◆ TASK INPUTS:
◆ ◆ ◆ ◆

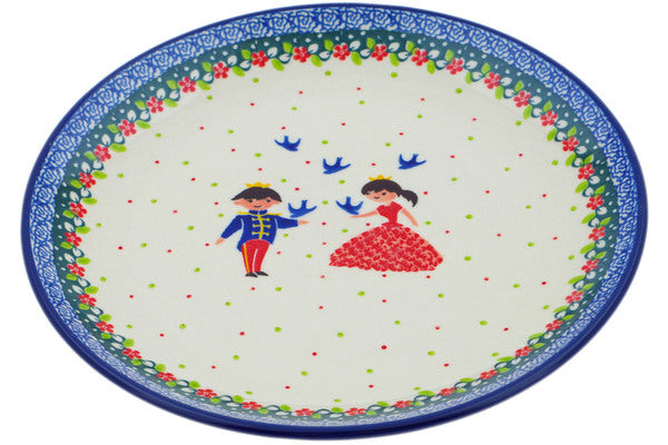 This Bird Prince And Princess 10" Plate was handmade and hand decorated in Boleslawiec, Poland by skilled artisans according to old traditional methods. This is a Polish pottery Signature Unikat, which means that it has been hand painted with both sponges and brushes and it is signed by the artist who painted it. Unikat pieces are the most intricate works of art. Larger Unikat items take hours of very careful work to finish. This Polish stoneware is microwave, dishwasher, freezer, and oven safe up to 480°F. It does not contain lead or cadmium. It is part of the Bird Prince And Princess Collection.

◆ ◆ ◆ ◆

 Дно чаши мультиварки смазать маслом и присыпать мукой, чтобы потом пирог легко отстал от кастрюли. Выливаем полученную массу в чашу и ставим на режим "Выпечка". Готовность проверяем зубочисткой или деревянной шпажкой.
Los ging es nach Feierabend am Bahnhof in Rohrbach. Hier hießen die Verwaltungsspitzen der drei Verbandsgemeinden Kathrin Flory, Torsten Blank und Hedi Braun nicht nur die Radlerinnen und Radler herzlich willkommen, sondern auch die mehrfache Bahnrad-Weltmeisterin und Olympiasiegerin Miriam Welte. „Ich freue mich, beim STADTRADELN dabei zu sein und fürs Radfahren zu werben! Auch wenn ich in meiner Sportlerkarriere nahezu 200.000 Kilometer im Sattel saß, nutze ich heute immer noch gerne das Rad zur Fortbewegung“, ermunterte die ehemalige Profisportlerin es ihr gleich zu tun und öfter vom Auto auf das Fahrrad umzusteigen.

◆ ◆ ◆ ◆

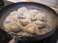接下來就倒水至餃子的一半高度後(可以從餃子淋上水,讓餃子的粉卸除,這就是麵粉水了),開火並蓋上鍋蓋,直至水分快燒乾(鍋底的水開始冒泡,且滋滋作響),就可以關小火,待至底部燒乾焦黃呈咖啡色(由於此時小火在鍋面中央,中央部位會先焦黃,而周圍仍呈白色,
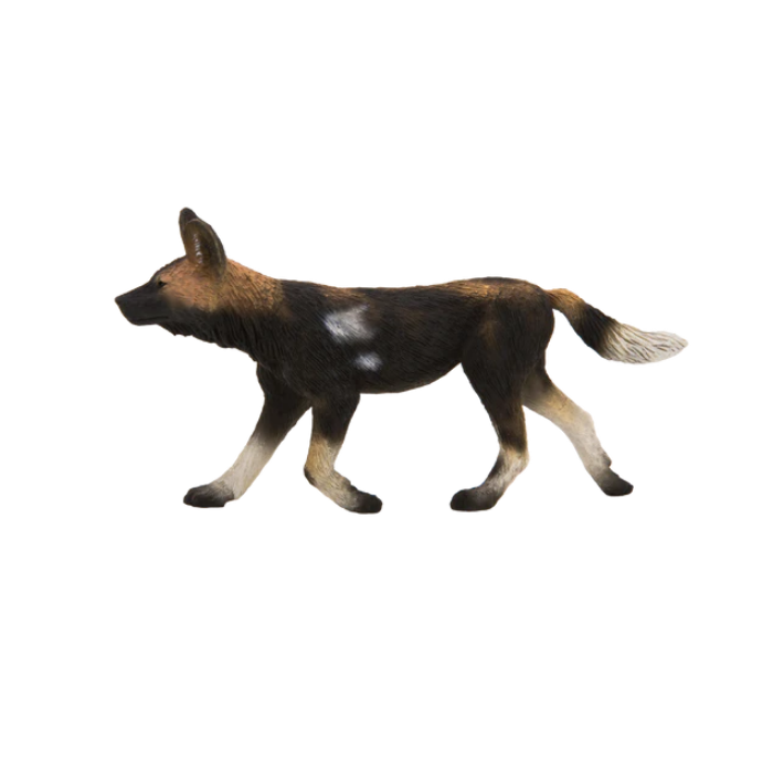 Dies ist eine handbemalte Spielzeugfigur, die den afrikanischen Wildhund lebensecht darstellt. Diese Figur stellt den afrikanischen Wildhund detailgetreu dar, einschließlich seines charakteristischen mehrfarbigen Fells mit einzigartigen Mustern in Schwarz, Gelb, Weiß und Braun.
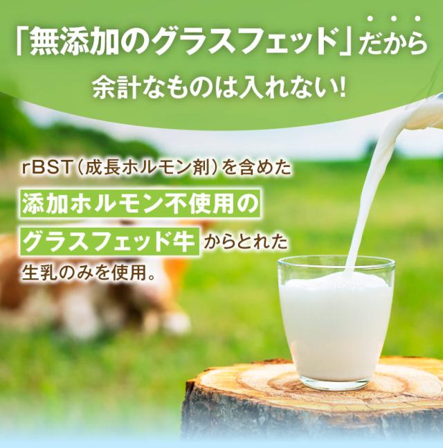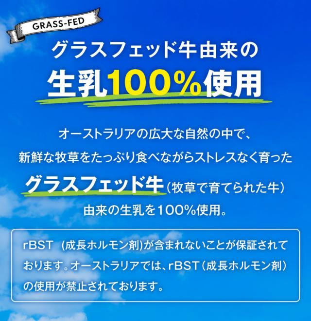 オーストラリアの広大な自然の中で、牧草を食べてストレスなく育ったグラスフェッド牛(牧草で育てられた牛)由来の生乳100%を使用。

◆ ◆ ◆ ◆

◆ EXERCISE BRIEF: Go down the entries above from the line containing "接下來就倒水至餃子的一半高度" to the line containing "オーストラリアの広大な自然の" and write out each line exactly, leaving pictures out.

◆ TASK ANSWER:
接下來就倒水至餃子的一半高度後(可以從餃子淋上水,讓餃子的粉卸除,這就是麵粉水了),開火並蓋上鍋蓋,直至水分快燒乾(鍋底的水開始冒泡,且滋滋作響),就可以關小火,待至底部燒乾焦黃呈咖啡色(由於此時小火在鍋面中央,中央部位會先焦黃,而周圍仍呈白色,
 Dies ist eine handbemalte Spielzeugfigur, die den afrikanischen Wildhund lebensecht darstellt. Diese Figur stellt den afrikanischen Wildhund detailgetreu dar, einschließlich seines charakteristischen mehrfarbigen Fells mit einzigartigen Mustern in Schwarz, Gelb, Weiß und Braun.
 オーストラリアの広大な自然の中で、牧草を食べてストレスなく育ったグラスフェッド牛(牧草で育てられた牛)由来の生乳100%を使用。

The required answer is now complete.